Welche Rolle spielt Deutschland in der vorübergehenden Speerspitze?

Die Bundeswehr nimmt - eher durch einen Zufall - 2015 einen Sonderstatus ein. Die Speerspitze wird ein Teil der bereits bestehenden schnellen Eingreiftruppe NRF. Turnusgemäß ist die Bundesrepublik dabei im nächsten Jahr mit rund 4000 Soldaten der Haupttruppensteller. Ein Teil davon kommt nun in die Interims-Speerspitze. Betroffen sind davon insbesondere das deutsch-niederländische Korps in Münster, das 450 Soldaten stellt. Hinzu kommen rund 900 Mitglieder des Panzergrenadierbatallions 371 aus Sachsen und hunderte Männer und Frauen aus der Streitkräftebasis. Unter anderem Norwegen füllt das Kontingent auf.

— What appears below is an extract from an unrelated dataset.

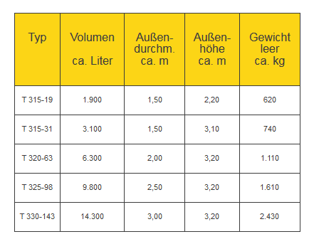 - Flexibel einsetzbar: denn mit den unterschiedlichen Größen von 1.900 Liter bis 14.300 Liter Volumen kann ein breites Anwendungsspektrum abgedeckt werden.

Wie sich der Beitrag der Nato-Mitglieder im Detail gestaltet, wenn die VJTF 2016 voll einsatzfähig ist, ist noch nicht bekannt.

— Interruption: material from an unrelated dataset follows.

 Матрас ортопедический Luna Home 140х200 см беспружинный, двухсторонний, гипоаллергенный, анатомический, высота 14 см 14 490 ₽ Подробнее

Wer trägt die Kosten für den Einsatz?

Teuer wird es stets für die Länder, die turnusgemäß Truppen stellen. Wie teuer es genau wird, ist allerdings noch ein großes Rätsel. Sicher ist: Je schneller eine Truppe ist, desto mehr kostet sie. Aus Militärkreisen heißt es: Allein die erste Verlegeübung könnte 25 Millionen Euro verschlingen. Ein gewaltiger Kostenfaktor könnte auch das Prepositioning darstellen. Denn die Nato verfügt nicht über einheitliche Waffensysteme. Deshalb müssten zum Beispiel alle Munitionstypen vorgelagert oder die Munition müsste mit jedem Truppensteller-Wechsel ausgetauscht werden.

Ist die VJTF ein Garant für die Sicherheit an der Nato-Ostgrenze?

Nein: Militärexperten sind sich zwar sicher, dass die Speerspitze eine große Abschreckungswirkung haben dürfte. Nur ist auch klar: Viele der Methoden, die Moskau bei der Annektion der Krim eingesetzt hat, lassen sich nicht durch Soldaten bekämpfen. An erster Stelle steht dabei die Propaganda. Auch die allerschnellste Eingreiftruppe kann nicht verhindern, dass Moskau die russischsprachigen Minderheiten in den Balten-Staaten gegen die Regierung ihres Heimatlandes aufstachelt. Die Speerspitze kann, genauso wir die wirtschaftlichen Sanktionen gegen Russland, nur ein Element der Strategie sein. Ohne Diplomatie geht es nicht.